ByDAN CHILDS and PEGGY PECKABC News Medical Unit in Collaboration with MedPage Today
December 16, 2009, 7:30 PM

Dec. 16, 2009— -- A U.S. Food and Drug Administration panel's recommendation that some adults with no prior heart problems should take the cholesterol-busting statin Crestor appears to have pitted cardiologists against many primary care physicians over the best use of the popular drug.

At stake in the debate is the health of millions of Americans who, if the recommendation is followed by the FDA, could soon find themselves urged by their doctors to take the drug.

"If the FDA accepts this recommendation, it will expand the number of Americans eligible for statin therapy by millions," said Dr. Steven Nissen, chair of cardiovascular medicine at the Cleveland Clinic.

A number of cardiologists voiced their support of the idea that the drug should be given to men age 50 or older and women age 60 or older who have LDL cholesterol levels of less than 130 mg/L and triglycerides of less than 500 mg/L if the patient also had an elevated blood level of an inflammation marker known as C-reactive protein, or CRP.

"The FDA correctly saw beyond some of the adverse effects that were rare in this very large group," said Dr. Howard Weintraub, clinical director of the Center for the Prevention of Cardiovascular Disease at New York University. "It will hopefully allow easier access to Crestor and will also motivate physicians to be more aggressive in patients at risk and encourage patients to accept the recommendation of therapy."

Another cardiologist, Dr. Christopher Cannon of Brigham and Women's Hospital in Boston, described the recommendation as "outstanding news for people who are at risk but who would not previously known it.

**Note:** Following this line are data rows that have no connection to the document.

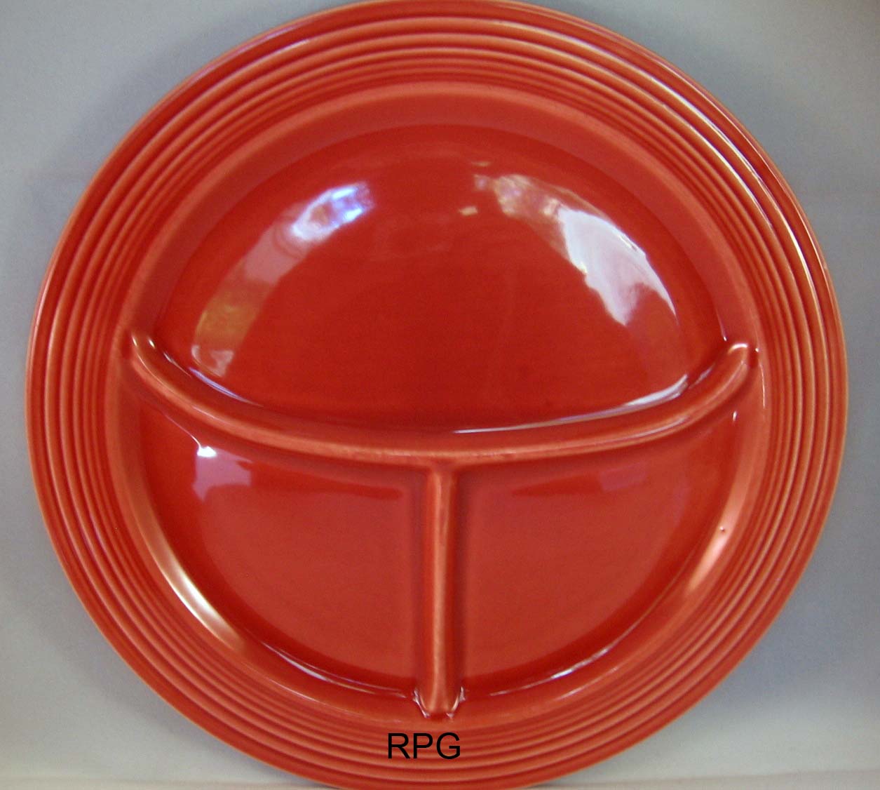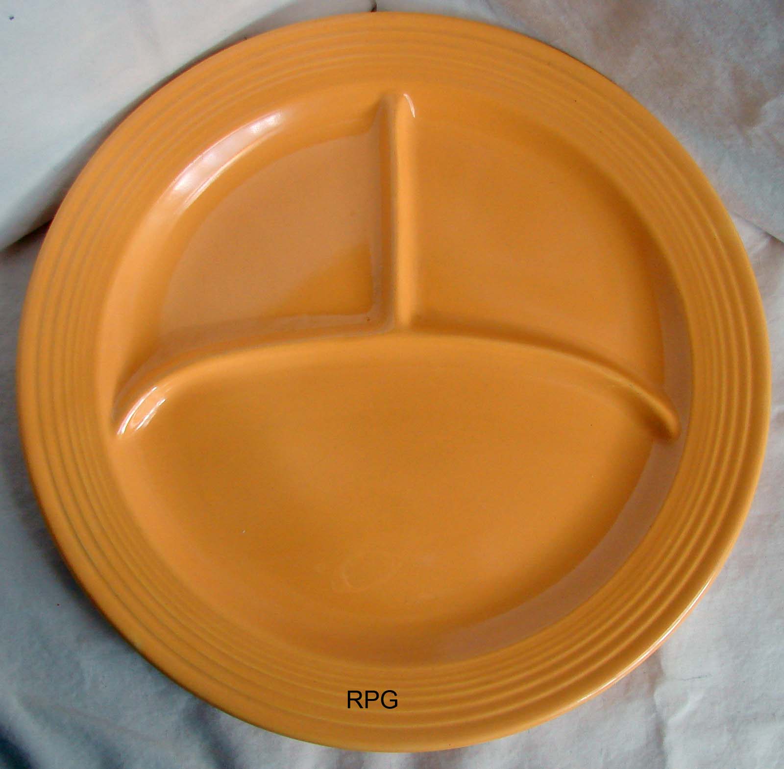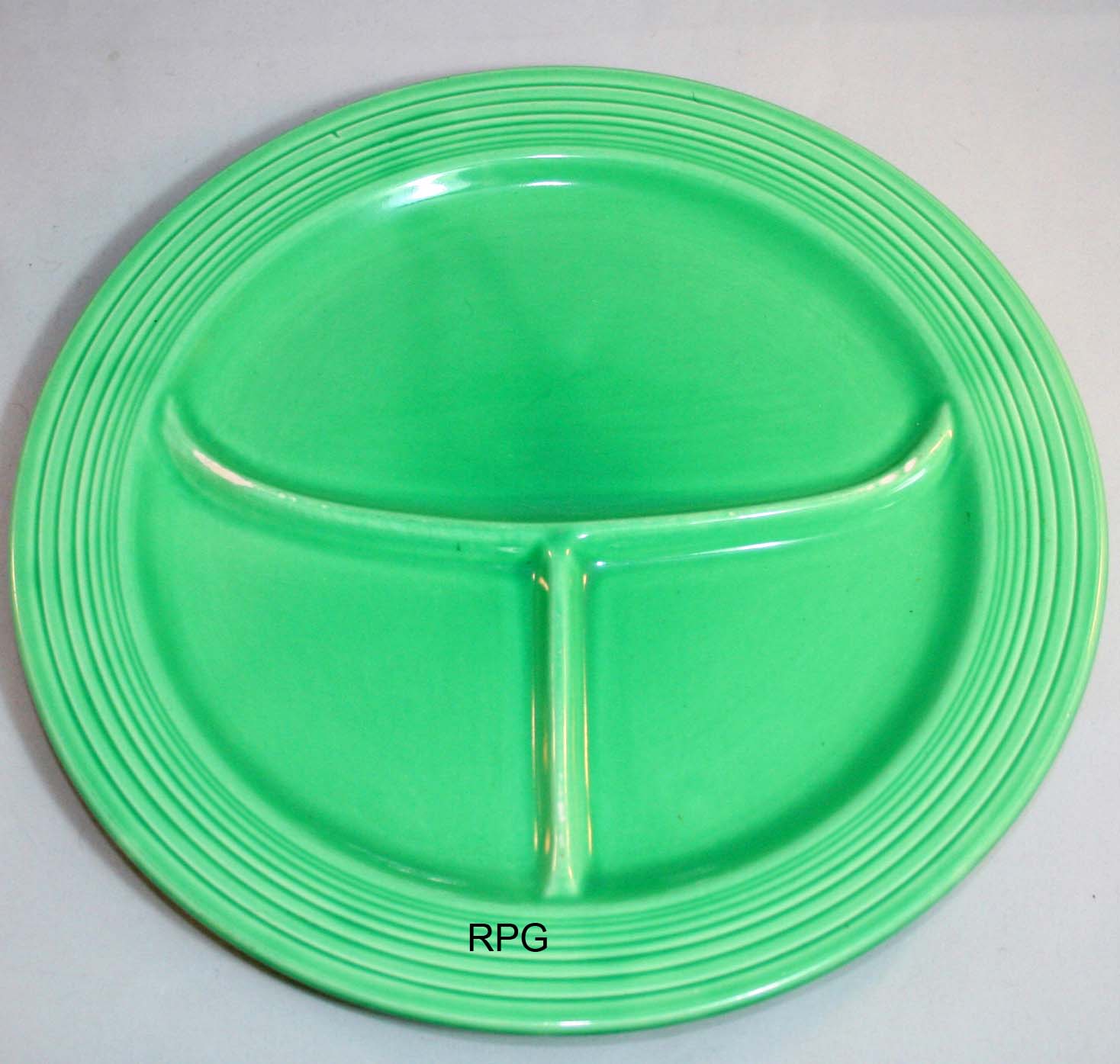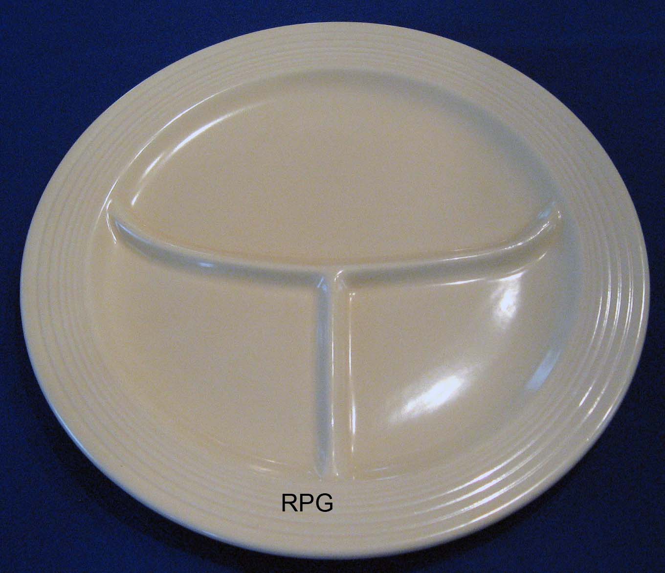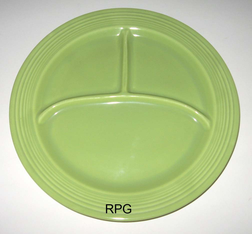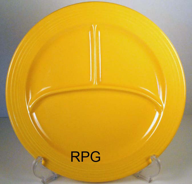The 10 1/2 compartment plate was first introduced in 1937 and was produced until 1959. This plate replaced the larger heavier 12 inch compartment plate which was produced only from 1936 to 1937. Some pieces are not marked and the routine mark is the GENUINE FIESTA mark.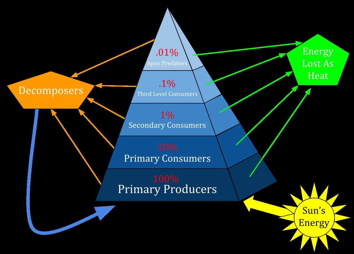 A energy pyramid is B. A diagram that shows the amount of energy that moves from one feeding level to another in a food web.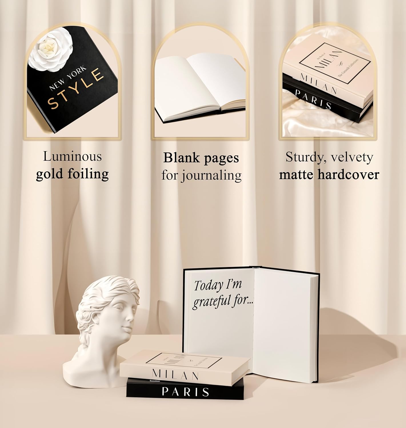 WHAT’S INCLUDED: 1 Paris book in black, 1 Milan book in a beautiful beige cream tone, 1 New York book in black with gold-lettered foiling ABOUT US: We at Blossoma believe that luxury should be accessible to everyone. Because of this philosophy, we are on a dedicated mission to create glamorous products of the utmost quality and at a fair, affordable price. Every step of this process thus far has been designed and created by women from all over the world to bring you products that support your happiness, creativity and beauty! 30-DAY RETURN POLICY: Thank you from the bottom of our hearts for visiting and supporting our brand. Customer satisfaction is our top priority so please contact us for questions or if our product doesn’t absolutely live up to your expectations. We care and will try our best to make things right so that you are 100% satisfied.

"The treatment can reduce almost in half their risk of a first heart attack or other cardiac event," he said.

Meanwhile, many primary care doctors were far from enthused.

"I disagree completely with this recommendation," said Dr. Lee Green, a primary care doctor at the Department of Family Medicine at the University of Michigan in Ann Arbor. "I don't think that the FDA recommendation is ready for prime time, and extending it would most certainly be bad science and bad patient care."